* Material for the task *

-=-=-=-=-

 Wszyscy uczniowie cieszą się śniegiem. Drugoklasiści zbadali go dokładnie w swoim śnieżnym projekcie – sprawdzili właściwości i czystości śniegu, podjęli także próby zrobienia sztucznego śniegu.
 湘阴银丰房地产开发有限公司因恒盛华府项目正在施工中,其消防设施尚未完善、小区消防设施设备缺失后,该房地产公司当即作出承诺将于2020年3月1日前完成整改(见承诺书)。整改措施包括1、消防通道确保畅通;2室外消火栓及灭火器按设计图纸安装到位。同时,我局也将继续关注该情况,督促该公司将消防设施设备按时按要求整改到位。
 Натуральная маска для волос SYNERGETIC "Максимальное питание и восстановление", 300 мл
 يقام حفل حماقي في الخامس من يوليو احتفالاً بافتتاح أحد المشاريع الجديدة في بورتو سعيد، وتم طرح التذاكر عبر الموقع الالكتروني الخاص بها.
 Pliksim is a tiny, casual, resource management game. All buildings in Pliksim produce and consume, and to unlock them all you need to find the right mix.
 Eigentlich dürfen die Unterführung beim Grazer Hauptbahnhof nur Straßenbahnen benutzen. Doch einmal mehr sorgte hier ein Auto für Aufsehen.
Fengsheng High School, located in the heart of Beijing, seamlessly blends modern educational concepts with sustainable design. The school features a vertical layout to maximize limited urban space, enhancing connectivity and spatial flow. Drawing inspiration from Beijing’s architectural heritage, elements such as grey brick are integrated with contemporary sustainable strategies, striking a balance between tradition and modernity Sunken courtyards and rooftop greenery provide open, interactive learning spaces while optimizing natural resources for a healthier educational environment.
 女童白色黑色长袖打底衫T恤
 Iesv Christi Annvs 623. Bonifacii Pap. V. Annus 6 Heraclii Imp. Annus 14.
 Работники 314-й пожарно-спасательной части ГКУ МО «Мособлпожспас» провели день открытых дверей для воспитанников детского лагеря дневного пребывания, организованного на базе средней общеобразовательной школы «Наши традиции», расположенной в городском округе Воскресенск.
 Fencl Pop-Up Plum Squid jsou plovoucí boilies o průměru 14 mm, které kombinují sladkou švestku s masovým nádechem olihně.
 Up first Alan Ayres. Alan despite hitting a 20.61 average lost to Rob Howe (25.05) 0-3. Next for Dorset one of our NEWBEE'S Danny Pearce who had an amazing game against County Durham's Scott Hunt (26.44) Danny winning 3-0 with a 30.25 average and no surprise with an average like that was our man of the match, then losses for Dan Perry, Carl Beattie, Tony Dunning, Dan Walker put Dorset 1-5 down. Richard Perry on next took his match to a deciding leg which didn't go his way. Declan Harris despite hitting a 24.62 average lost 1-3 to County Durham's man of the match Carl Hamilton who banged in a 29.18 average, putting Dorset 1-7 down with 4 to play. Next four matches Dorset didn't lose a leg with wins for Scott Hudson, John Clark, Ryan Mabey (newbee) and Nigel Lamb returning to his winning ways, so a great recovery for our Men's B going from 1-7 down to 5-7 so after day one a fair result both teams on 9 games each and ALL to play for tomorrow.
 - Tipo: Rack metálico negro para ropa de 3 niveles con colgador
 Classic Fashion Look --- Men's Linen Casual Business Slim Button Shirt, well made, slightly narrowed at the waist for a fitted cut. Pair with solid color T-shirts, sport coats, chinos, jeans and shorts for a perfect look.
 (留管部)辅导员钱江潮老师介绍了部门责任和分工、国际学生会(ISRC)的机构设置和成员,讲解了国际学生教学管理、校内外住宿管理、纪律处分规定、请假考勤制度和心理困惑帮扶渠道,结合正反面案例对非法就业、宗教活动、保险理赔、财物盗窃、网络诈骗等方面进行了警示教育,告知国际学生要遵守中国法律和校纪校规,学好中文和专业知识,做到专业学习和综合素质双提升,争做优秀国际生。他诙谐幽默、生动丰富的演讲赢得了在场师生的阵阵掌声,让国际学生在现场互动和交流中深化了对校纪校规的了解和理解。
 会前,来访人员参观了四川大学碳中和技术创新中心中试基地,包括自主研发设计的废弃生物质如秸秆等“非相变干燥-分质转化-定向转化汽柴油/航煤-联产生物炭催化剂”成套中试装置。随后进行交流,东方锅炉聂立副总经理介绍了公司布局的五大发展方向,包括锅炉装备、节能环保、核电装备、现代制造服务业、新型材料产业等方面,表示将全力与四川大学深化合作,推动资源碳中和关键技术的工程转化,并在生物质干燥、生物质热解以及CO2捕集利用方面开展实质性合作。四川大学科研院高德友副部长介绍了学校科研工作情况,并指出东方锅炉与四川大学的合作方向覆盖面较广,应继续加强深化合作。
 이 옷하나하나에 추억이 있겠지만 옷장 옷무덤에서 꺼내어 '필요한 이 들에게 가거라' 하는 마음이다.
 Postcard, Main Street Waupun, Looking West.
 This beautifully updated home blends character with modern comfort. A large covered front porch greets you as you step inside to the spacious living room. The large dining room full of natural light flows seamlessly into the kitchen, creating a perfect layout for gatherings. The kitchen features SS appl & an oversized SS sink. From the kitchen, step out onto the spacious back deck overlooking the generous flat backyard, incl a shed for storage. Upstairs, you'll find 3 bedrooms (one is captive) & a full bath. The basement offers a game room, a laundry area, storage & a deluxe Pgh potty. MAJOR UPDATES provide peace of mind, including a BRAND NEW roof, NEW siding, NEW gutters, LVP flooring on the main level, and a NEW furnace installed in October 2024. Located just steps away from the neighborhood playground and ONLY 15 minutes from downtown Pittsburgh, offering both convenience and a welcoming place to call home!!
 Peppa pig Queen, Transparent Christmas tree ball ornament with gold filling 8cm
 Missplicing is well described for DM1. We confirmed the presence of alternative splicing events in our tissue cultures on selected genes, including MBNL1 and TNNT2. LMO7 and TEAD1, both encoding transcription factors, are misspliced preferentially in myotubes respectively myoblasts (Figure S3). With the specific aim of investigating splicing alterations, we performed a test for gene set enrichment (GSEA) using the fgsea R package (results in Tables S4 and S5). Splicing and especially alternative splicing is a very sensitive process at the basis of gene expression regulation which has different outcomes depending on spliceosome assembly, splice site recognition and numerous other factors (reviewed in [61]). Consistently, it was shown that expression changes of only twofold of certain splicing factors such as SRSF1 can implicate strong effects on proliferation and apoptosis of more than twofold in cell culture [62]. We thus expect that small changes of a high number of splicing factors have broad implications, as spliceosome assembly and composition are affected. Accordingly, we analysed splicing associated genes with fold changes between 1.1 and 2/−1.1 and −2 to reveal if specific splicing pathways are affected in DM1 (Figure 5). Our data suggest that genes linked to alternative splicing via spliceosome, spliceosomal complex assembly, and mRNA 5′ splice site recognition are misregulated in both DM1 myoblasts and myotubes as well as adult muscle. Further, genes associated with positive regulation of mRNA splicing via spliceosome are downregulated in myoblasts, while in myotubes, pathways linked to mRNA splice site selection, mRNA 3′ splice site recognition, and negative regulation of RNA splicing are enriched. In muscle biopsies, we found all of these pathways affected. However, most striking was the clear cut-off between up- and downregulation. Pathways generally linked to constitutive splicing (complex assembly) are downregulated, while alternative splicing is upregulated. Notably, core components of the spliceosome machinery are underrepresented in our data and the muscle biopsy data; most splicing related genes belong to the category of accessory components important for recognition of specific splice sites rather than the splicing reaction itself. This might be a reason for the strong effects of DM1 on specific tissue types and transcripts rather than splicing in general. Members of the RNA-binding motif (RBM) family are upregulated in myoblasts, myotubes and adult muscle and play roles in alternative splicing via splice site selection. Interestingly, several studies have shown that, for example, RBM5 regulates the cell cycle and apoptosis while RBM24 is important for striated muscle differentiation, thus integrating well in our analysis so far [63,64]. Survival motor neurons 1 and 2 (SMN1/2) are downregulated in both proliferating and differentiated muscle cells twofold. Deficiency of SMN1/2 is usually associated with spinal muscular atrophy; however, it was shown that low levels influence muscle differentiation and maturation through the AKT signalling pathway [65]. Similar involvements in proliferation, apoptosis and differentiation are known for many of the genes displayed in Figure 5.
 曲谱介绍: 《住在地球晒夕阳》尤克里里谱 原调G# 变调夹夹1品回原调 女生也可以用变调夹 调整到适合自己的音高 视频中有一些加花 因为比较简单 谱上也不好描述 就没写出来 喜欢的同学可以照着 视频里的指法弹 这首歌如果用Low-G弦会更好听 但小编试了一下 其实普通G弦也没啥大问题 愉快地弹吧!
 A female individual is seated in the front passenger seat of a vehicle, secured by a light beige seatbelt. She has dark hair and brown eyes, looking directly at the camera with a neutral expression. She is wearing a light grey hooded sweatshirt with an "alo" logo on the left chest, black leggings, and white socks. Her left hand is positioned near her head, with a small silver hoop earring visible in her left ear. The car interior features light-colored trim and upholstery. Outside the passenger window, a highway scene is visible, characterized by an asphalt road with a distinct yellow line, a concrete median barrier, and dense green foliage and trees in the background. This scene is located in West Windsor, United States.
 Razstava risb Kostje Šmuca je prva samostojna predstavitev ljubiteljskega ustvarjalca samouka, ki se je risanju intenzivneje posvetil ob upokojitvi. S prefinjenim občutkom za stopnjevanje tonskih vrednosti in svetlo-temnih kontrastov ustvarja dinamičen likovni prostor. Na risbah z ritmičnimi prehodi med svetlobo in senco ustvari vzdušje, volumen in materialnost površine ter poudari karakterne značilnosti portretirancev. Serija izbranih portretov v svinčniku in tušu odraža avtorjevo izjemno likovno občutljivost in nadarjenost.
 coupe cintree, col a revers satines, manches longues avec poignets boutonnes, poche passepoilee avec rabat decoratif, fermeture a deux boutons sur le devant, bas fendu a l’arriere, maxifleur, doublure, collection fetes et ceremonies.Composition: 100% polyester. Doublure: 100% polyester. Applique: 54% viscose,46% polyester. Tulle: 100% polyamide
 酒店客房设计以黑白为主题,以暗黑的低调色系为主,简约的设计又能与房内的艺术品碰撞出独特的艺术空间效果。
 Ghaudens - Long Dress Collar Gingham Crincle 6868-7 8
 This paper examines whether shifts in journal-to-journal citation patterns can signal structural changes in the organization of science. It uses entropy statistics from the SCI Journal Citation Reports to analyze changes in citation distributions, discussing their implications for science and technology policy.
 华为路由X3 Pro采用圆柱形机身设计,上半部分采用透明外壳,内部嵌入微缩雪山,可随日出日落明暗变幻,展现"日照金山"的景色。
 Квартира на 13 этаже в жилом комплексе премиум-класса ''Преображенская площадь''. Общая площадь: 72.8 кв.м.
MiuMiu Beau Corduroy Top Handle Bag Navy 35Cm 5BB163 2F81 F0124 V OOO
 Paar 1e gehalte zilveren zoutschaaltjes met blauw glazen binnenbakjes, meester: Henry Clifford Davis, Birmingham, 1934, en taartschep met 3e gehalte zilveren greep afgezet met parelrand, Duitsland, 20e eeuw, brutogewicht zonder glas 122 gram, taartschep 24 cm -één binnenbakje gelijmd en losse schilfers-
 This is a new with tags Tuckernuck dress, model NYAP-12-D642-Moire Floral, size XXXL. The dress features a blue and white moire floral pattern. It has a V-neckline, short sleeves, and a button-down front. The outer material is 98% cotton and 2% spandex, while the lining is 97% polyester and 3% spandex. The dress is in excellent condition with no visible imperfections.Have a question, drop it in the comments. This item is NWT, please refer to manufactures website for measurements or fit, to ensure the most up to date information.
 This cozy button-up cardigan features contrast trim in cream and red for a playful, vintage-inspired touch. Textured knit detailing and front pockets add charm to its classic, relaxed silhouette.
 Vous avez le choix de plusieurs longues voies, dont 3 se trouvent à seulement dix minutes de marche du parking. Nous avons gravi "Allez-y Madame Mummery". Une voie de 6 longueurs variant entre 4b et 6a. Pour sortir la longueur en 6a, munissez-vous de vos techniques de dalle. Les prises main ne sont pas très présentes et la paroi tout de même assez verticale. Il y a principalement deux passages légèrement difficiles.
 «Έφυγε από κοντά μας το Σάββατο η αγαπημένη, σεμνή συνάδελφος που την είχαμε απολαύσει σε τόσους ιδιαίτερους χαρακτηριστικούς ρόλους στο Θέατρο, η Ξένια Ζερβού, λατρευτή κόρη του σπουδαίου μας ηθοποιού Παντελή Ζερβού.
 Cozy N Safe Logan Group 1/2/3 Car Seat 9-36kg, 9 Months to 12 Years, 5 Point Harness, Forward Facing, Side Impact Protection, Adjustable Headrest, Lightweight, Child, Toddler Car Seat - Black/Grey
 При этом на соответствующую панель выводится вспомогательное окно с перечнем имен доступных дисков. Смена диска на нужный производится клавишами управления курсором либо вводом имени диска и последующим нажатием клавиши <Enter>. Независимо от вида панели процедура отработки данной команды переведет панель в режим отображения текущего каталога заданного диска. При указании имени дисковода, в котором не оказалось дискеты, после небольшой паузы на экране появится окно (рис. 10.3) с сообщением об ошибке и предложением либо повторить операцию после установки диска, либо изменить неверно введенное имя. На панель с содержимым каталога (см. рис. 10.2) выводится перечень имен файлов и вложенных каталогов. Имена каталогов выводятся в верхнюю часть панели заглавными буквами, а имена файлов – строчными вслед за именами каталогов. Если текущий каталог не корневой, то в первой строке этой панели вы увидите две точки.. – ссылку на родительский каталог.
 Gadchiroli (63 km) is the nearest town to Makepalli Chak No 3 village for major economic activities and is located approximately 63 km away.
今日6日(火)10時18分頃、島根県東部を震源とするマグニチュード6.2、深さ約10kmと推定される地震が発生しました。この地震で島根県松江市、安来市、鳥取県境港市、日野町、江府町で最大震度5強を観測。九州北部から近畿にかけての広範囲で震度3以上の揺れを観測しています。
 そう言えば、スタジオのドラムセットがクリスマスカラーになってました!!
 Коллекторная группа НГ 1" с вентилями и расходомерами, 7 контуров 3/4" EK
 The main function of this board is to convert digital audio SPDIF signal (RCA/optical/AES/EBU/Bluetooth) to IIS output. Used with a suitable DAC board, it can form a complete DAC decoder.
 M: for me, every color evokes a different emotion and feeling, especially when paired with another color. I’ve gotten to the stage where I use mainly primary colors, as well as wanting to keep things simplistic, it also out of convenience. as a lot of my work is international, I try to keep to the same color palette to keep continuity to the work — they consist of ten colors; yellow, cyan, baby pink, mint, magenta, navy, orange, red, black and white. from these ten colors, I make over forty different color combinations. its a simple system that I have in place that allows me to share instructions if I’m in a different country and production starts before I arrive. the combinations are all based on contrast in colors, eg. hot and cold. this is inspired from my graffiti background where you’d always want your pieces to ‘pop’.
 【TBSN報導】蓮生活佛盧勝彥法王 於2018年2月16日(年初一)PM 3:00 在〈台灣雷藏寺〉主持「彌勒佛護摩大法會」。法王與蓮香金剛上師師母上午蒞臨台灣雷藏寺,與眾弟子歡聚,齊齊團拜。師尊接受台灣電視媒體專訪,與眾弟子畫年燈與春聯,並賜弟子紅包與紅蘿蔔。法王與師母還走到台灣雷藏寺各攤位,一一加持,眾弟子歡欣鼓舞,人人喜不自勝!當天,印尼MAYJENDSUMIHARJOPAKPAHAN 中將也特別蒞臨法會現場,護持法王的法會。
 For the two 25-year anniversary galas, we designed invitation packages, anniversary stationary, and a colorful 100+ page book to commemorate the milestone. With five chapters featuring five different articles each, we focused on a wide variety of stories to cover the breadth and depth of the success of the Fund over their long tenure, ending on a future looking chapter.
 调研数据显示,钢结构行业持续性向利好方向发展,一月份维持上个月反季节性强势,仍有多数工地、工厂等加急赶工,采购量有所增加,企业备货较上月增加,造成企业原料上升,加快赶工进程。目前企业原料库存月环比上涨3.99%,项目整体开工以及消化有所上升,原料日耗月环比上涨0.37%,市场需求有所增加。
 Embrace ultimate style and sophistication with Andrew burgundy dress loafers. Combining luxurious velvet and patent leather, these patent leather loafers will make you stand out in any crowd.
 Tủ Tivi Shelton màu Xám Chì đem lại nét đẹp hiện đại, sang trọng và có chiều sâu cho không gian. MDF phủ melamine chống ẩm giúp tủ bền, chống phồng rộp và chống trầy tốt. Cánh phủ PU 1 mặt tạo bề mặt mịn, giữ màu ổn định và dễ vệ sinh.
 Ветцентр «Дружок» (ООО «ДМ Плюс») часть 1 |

-=-=-=-=-

* Your instructions *
Which of the lines above hold the string "away"? Pick each of them out.

* Task output *
 This beautifully updated home blends character with modern comfort. A large covered front porch greets you as you step inside to the spacious living room. The large dining room full of natural light flows seamlessly into the kitchen, creating a perfect layout for gatherings. The kitchen features SS appl & an oversized SS sink. From the kitchen, step out onto the spacious back deck overlooking the generous flat backyard, incl a shed for storage. Upstairs, you'll find 3 bedrooms (one is captive) & a full bath. The basement offers a game room, a laundry area, storage & a deluxe Pgh potty. MAJOR UPDATES provide peace of mind, including a BRAND NEW roof, NEW siding, NEW gutters, LVP flooring on the main level, and a NEW furnace installed in October 2024. Located just steps away from the neighborhood playground and ONLY 15 minutes from downtown Pittsburgh, offering both convenience and a welcoming place to call home!!
 Gadchiroli (63 km) is the nearest town to Makepalli Chak No 3 village for major economic activities and is located approximately 63 km away.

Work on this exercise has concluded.